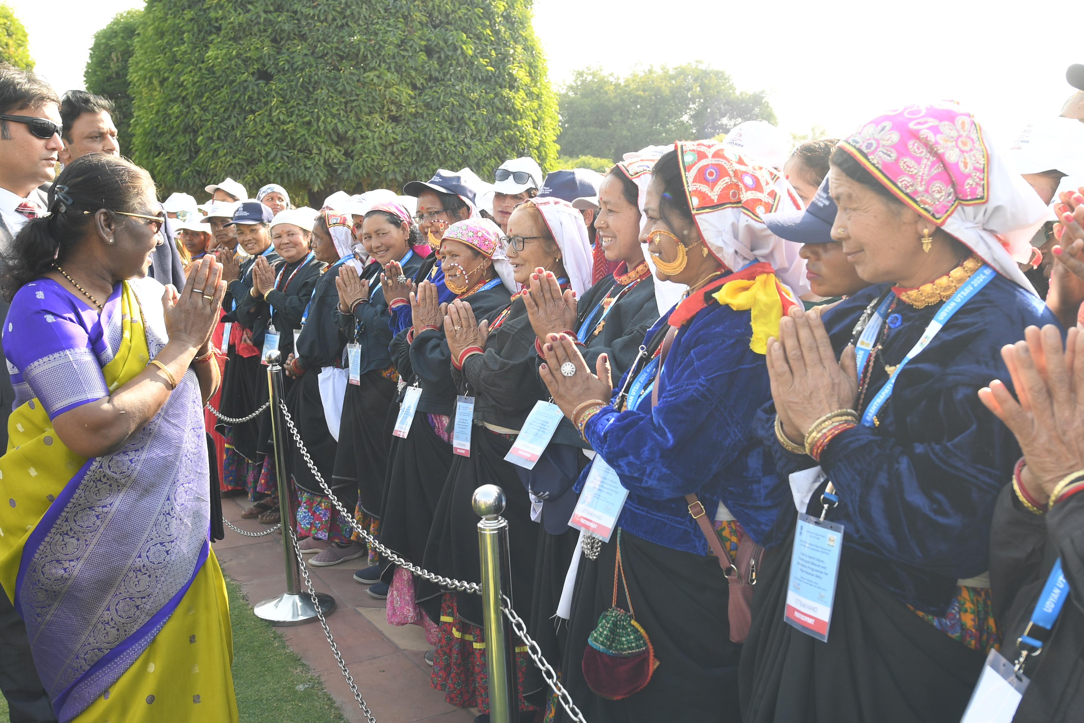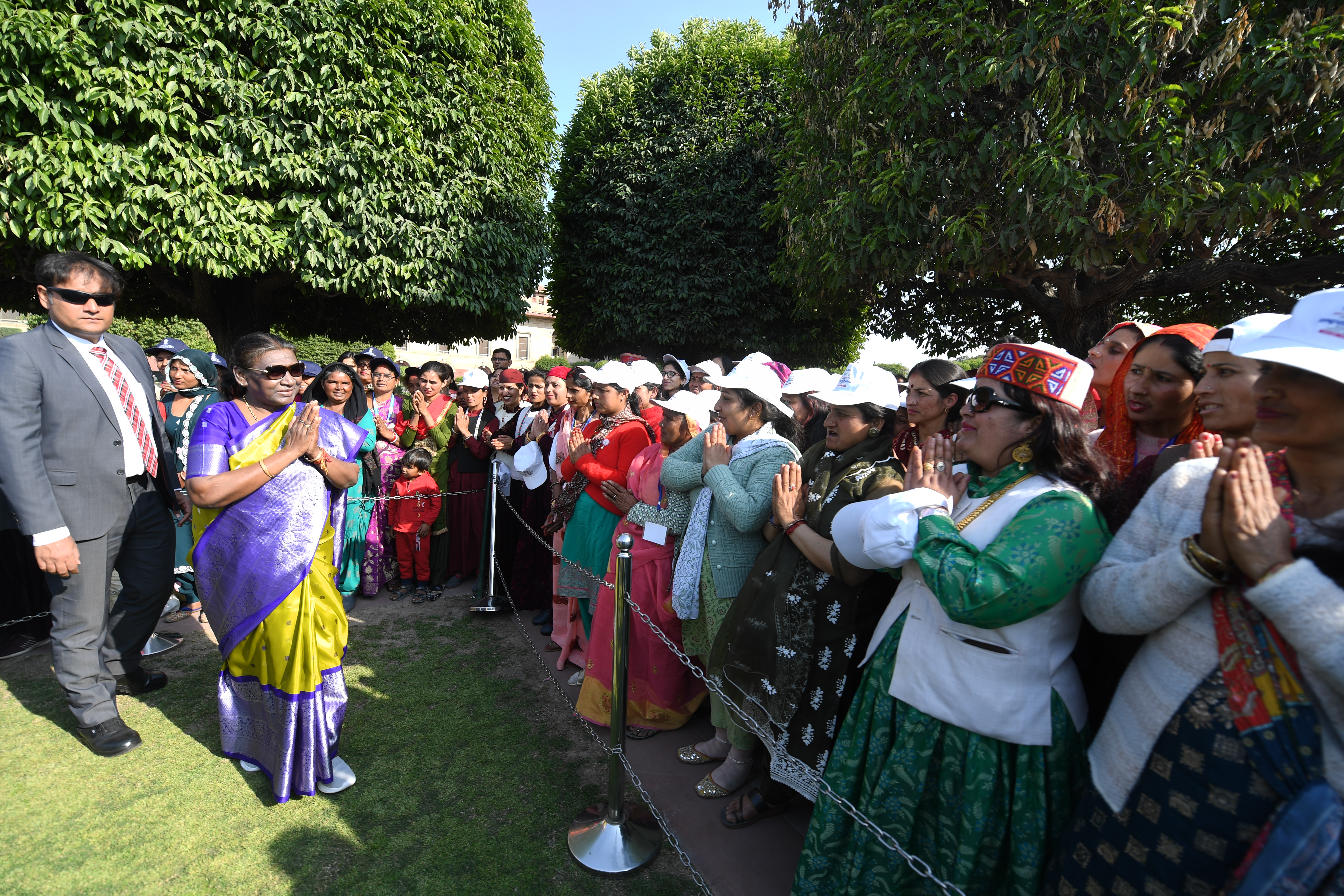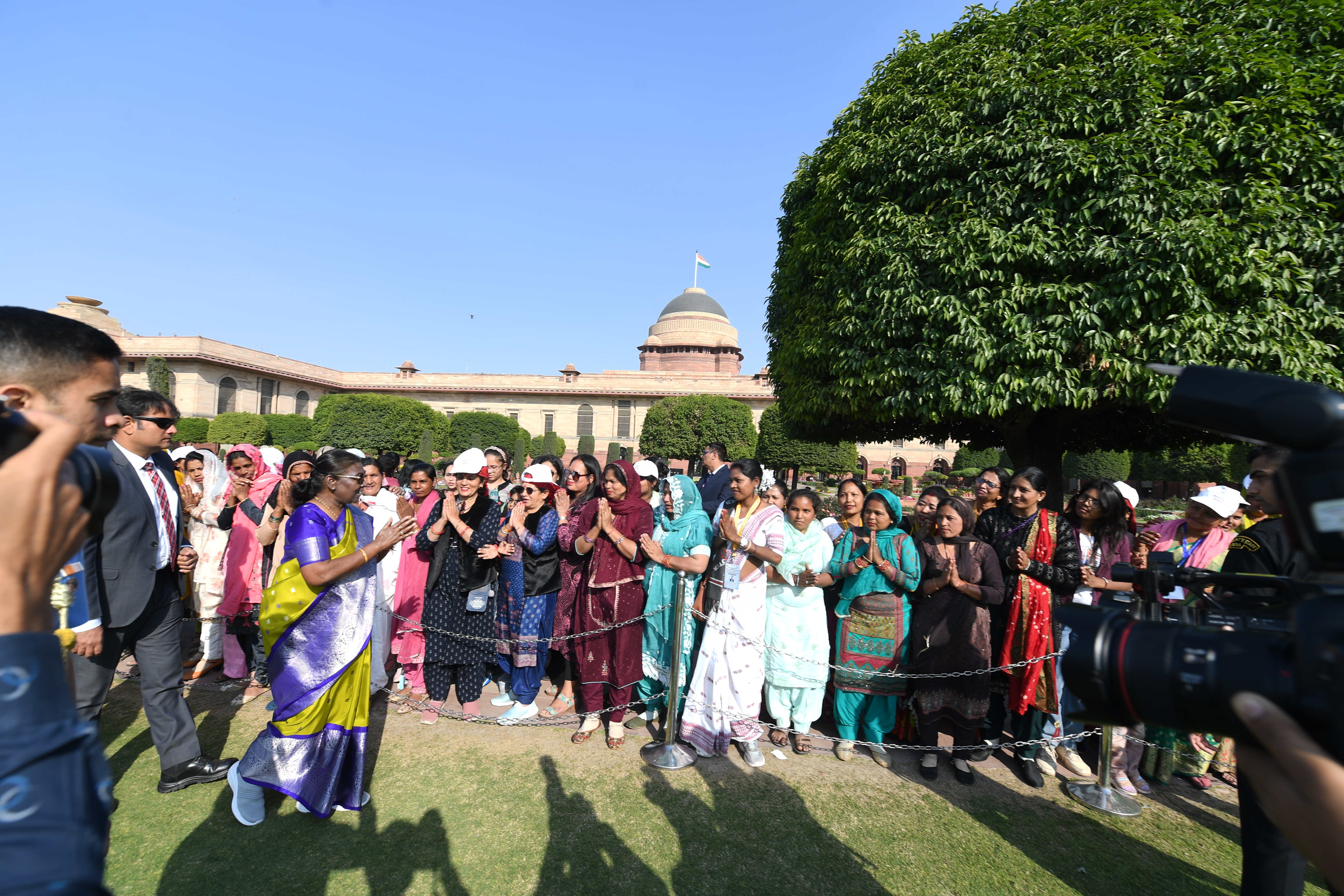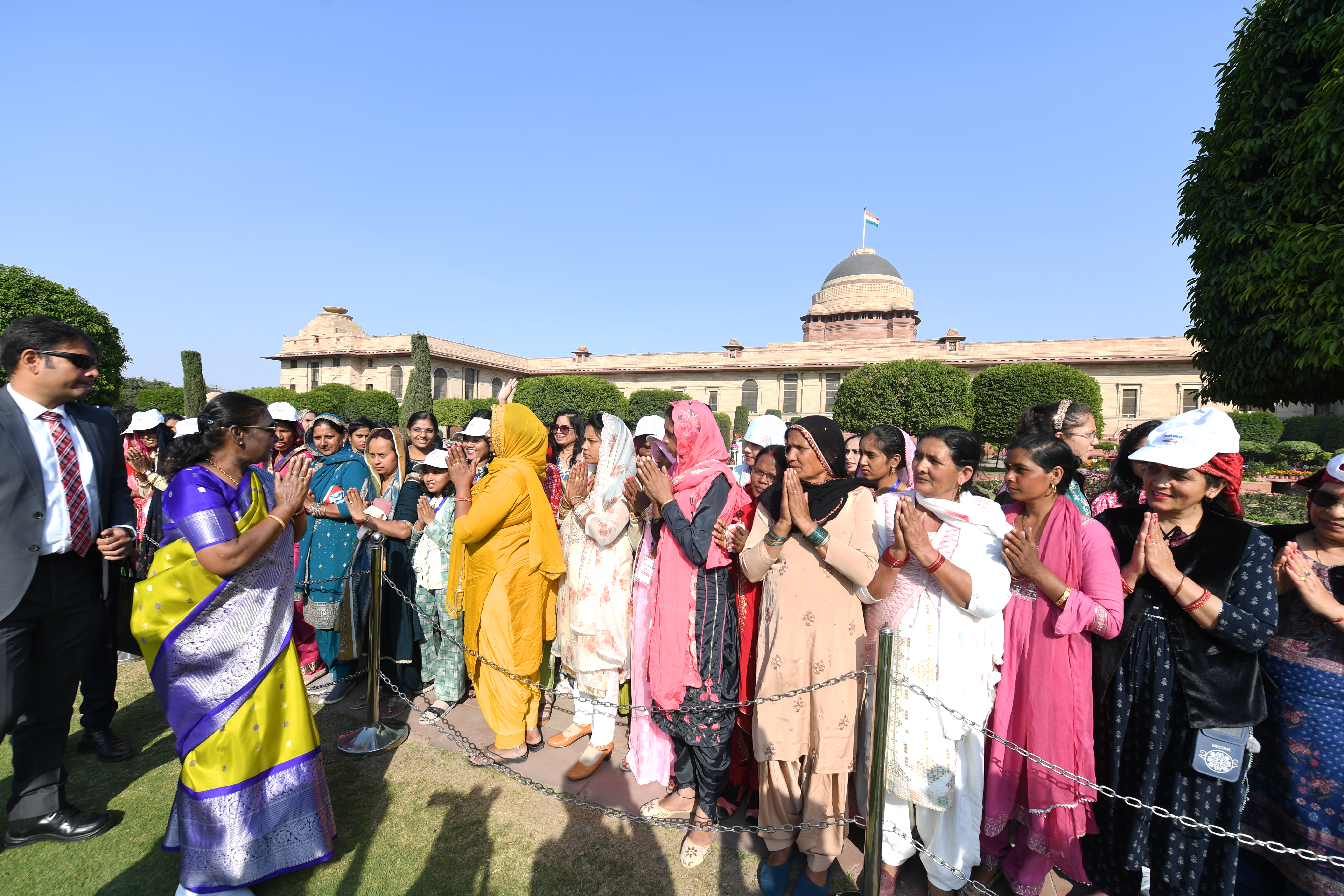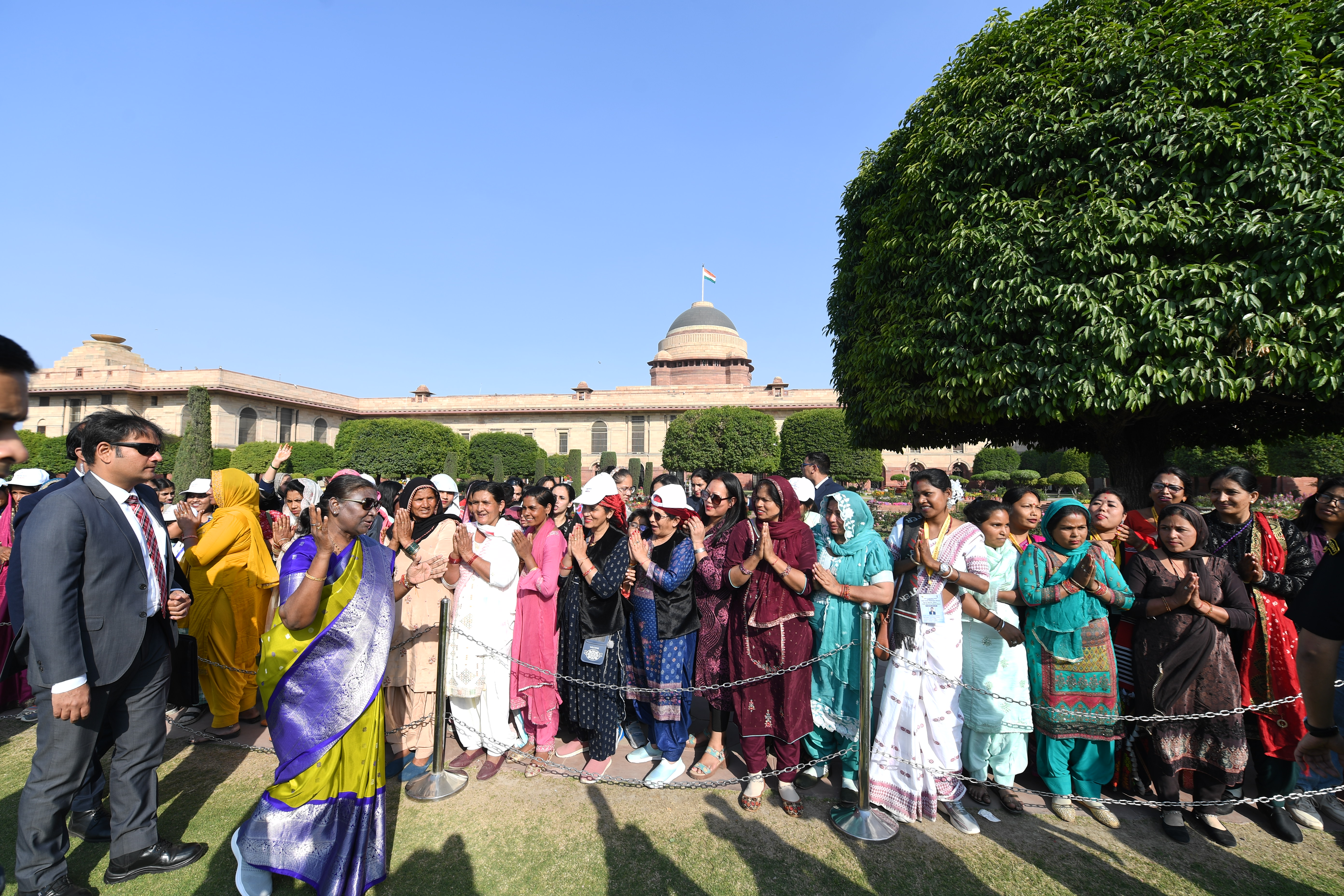 | Caption: | The President of India, Smt Droupadi Murmu met women visiting Amrit Udyan on the day reserved for the special category of Women Tribal Women SHGs-II 08-03-2024 |
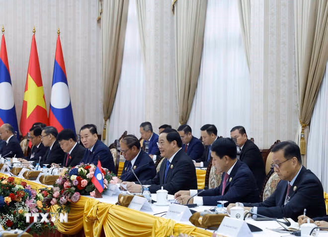 Tổng Bí thư đề nghị hai nước tiếp tục củng cố tin cậy chính trị, duy trì trao đổi đoàn, tiếp xúc cấp cao trên tất cả các kênh, tổ chức tốt Kỳ họp lần thứ 48 Ủy ban liên Chính phủ Việt Nam-Lào diễn ra ngay sau Cuộc gặp cấp cao hai Đảng vào ngày 2/12 để triển khai kết quả hội đàm cấp cao và những thỏa thuận cấp cao giữa hai nước, trong đó có gắn kết chiến lược, gắn kết chiến lược về tầm nhìn phát triển, gắn kết không gian và hạ tầng, các hành lang kinh tế, logistics, năng lượng, chuyển đổi xanh.
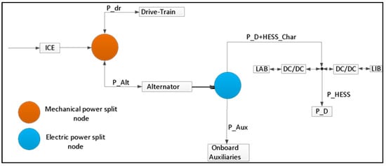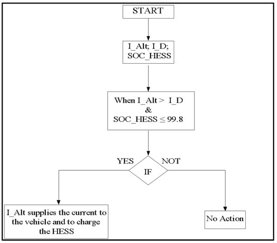 - and : This is when the vehicle is in operation, and the alternator is producing more energy than required by the vehicle. The difference is used to charge the HESS.

------------------------------------------------------------

> **WORK TO COMPLETE**
Starting at the line that holds "Tổng Bí thư" and stopping at the last line of the listing above, write out each line exactly as it appears, and omit the pictures.

> **OUTPUT OF THE TASK**
 Tổng Bí thư đề nghị hai nước tiếp tục củng cố tin cậy chính trị, duy trì trao đổi đoàn, tiếp xúc cấp cao trên tất cả các kênh, tổ chức tốt Kỳ họp lần thứ 48 Ủy ban liên Chính phủ Việt Nam-Lào diễn ra ngay sau Cuộc gặp cấp cao hai Đảng vào ngày 2/12 để triển khai kết quả hội đàm cấp cao và những thỏa thuận cấp cao giữa hai nước, trong đó có gắn kết chiến lược, gắn kết chiến lược về tầm nhìn phát triển, gắn kết không gian và hạ tầng, các hành lang kinh tế, logistics, năng lượng, chuyển đổi xanh.
 - and : This is when the vehicle is in operation, and the alternator is producing more energy than required by the vehicle. The difference is used to charge the HESS.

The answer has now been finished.